### Your goal
A precise copy of the data is required, with every picture left out.

Stored items
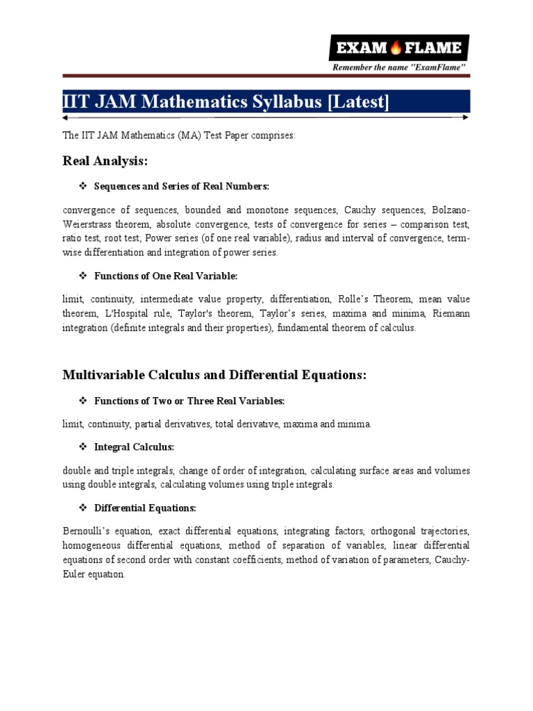 IIT JAM Mathematics Syllabus PDF
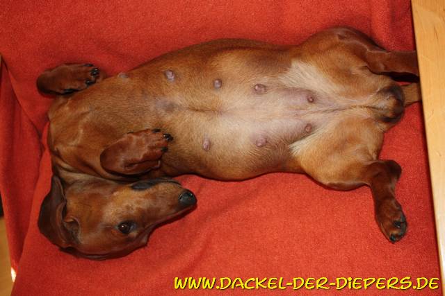 | 24.04.2014 Nun ist es soweit Rüde oder Hündin? Die Frage wird hier (Klick) erörtert Zehnte Woche ![]() KLICK Neunte Woche bis 29.06.2014 ![]() KLICK Achte Woche bis zum 22.06.2014 ![]() KLICK Siebte Woche bis 15.06.2014 ![]() KLICK Sechste Woche bis zum 08.06. ![]() KLICK Woche Nummer Fünf bis 01.06. ![]() KLICK 4. Woche bis 25.05. ![]() KLICK 3. Woche bis 18.05. ![]() KLICK Zweite Woche bis 10.05.14 ![]() KLICK Geburt und erste Woche ![]() KLICK 9. April 2014 Zwei Wochen sind noch eine lange Zeit. Disney hat jetzt nach 7 Wochen Trächtigkeit doch schon einen deutlichen Bauch bekommen und 1600g zugenommen. Die schwerste Zeit steht ihr noch bevor, aber es geht ihr gut. Um den 23.April herum erwarte wir rote und evtl. auch schwarz-rote Welpen. ![]() ![]() ![]() Februar 2014 Disney darf "heiraten" ![]()
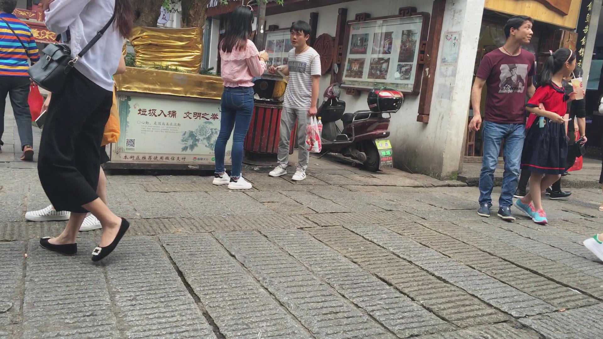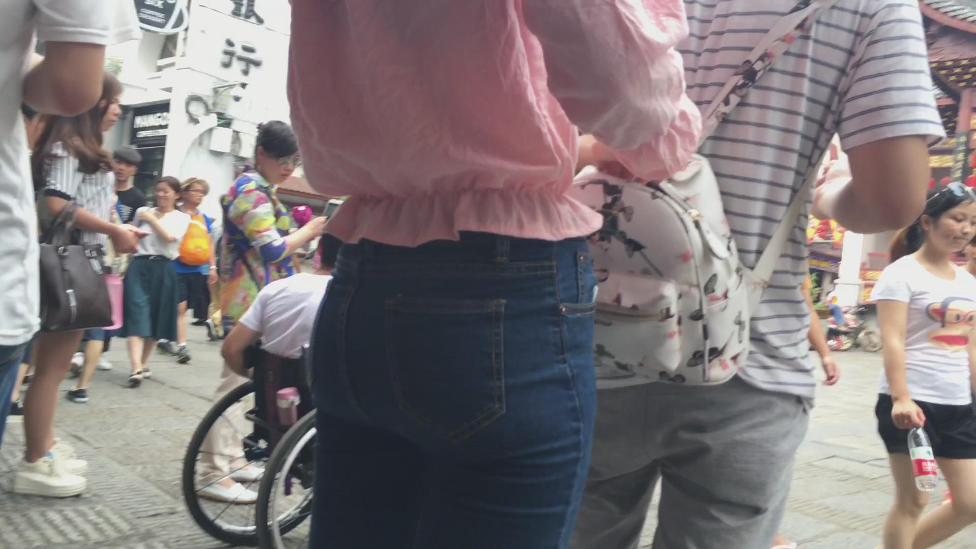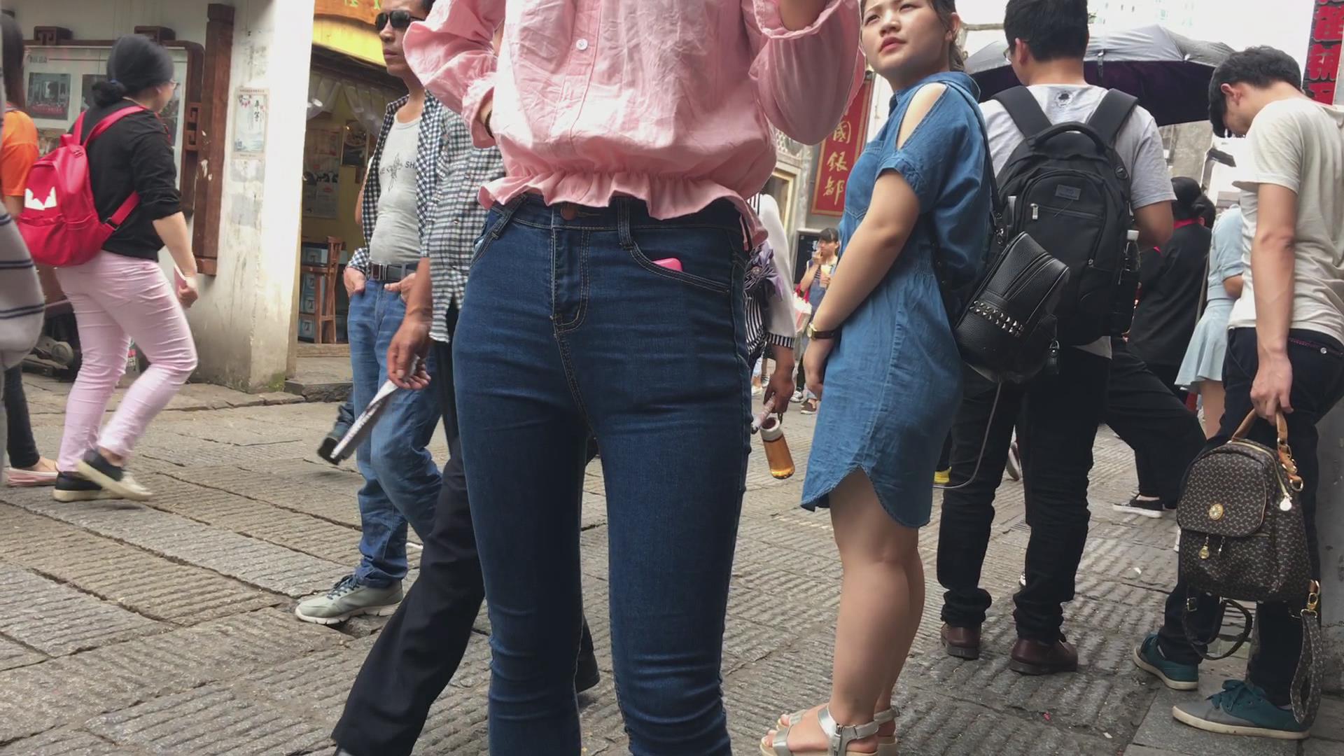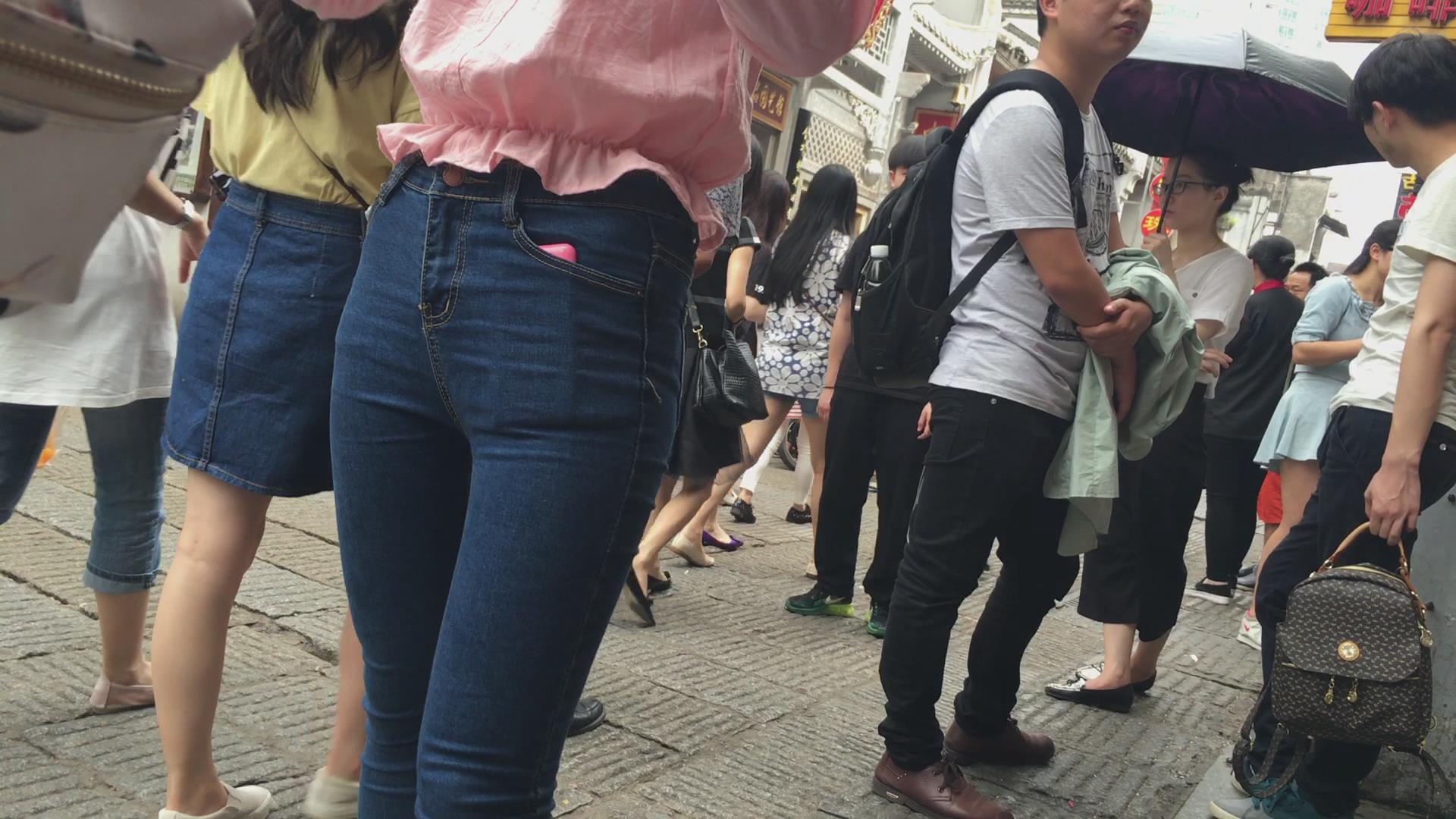 街拍超级紧身美臀美眉,三角区真美 编号5721
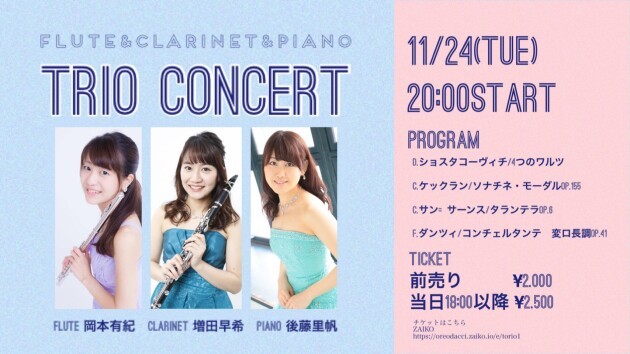 フルート:岡本 有紀 クラリネット:増田 早希 ピアノ:後藤 里帆
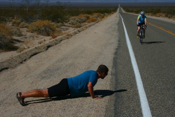 Mike doing pushups on the roadside during stage 6. |
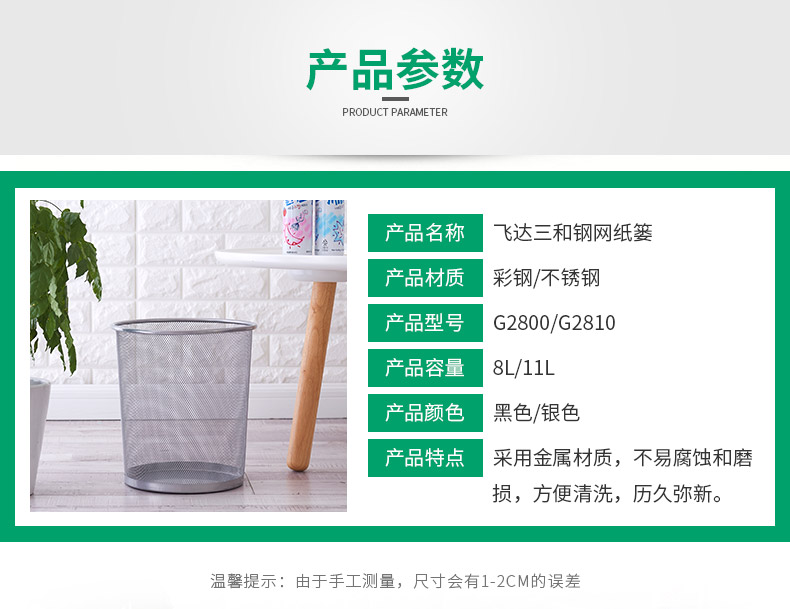 品牌名称:jiuyou登录入口三和 生产地区:中国·浙江·台州 jiuyou登录入口货号:G2800/G2810 装箱数:24 / 24 jiuyou登录入口尺寸:233*233*259 / 258*258*280mm 外箱尺寸:24.5*24.5*80 / 26.5*26.5*80cm 条形码:6931643816816 / 6931643816823 jiuyou登录入口三和G2800钢网纸篓8L/G2810钢网纸篓11L
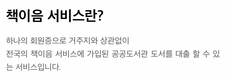 책이음 : 하나의 회원증으로 거주지와 상관없이 전국의 책이음 서비스에 가입된 공공도서관 도서를 대출 할 수 있는 서비스.
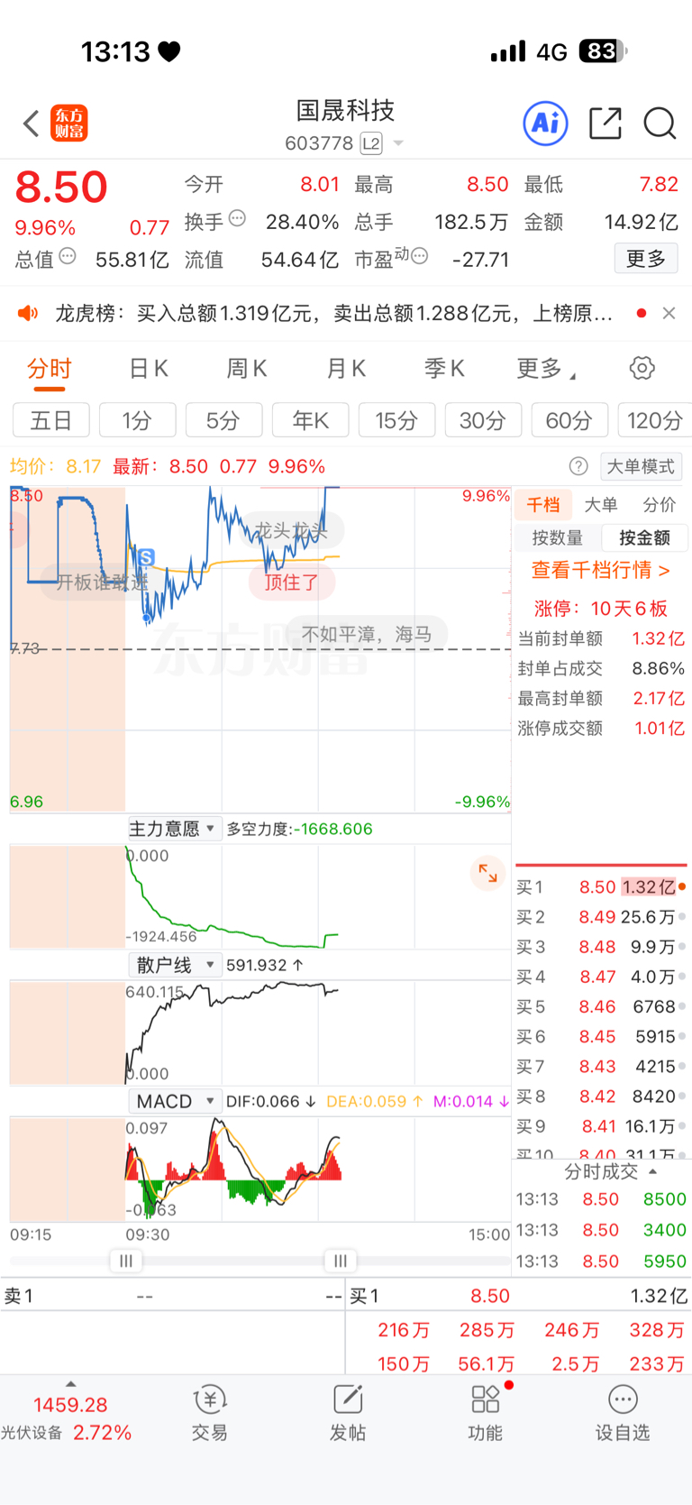 $国晟科技(SH603778)$ 早上把我吓跑了

### Problem solution
 IIT JAM Mathematics Syllabus PDF
 | 24.04.2014 Nun ist es soweit Rüde oder Hündin? Die Frage wird hier (Klick) erörtert Zehnte Woche ![]() KLICK Neunte Woche bis 29.06.2014 ![]() KLICK Achte Woche bis zum 22.06.2014 ![]() KLICK Siebte Woche bis 15.06.2014 ![]() KLICK Sechste Woche bis zum 08.06. ![]() KLICK Woche Nummer Fünf bis 01.06. ![]() KLICK 4. Woche bis 25.05. ![]() KLICK 3. Woche bis 18.05. ![]() KLICK Zweite Woche bis 10.05.14 ![]() KLICK Geburt und erste Woche ![]() KLICK 9. April 2014 Zwei Wochen sind noch eine lange Zeit. Disney hat jetzt nach 7 Wochen Trächtigkeit doch schon einen deutlichen Bauch bekommen und 1600g zugenommen. Die schwerste Zeit steht ihr noch bevor, aber es geht ihr gut. Um den 23.April herum erwarte wir rote und evtl. auch schwarz-rote Welpen. ![]() ![]() ![]() Februar 2014 Disney darf "heiraten" ![]()
 街拍超级紧身美臀美眉,三角区真美 编号5721
 フルート:岡本 有紀 クラリネット:増田 早希 ピアノ:後藤 里帆
 Mike doing pushups on the roadside during stage 6. |
 品牌名称:jiuyou登录入口三和 生产地区:中国·浙江·台州 jiuyou登录入口货号:G2800/G2810 装箱数:24 / 24 jiuyou登录入口尺寸:233*233*259 / 258*258*280mm 外箱尺寸:24.5*24.5*80 / 26.5*26.5*80cm 条形码:6931643816816 / 6931643816823 jiuyou登录入口三和G2800钢网纸篓8L/G2810钢网纸篓11L
 책이음 : 하나의 회원증으로 거주지와 상관없이 전국의 책이음 서비스에 가입된 공공도서관 도서를 대출 할 수 있는 서비스.
 $国晟科技(SH603778)$ 早上把我吓跑了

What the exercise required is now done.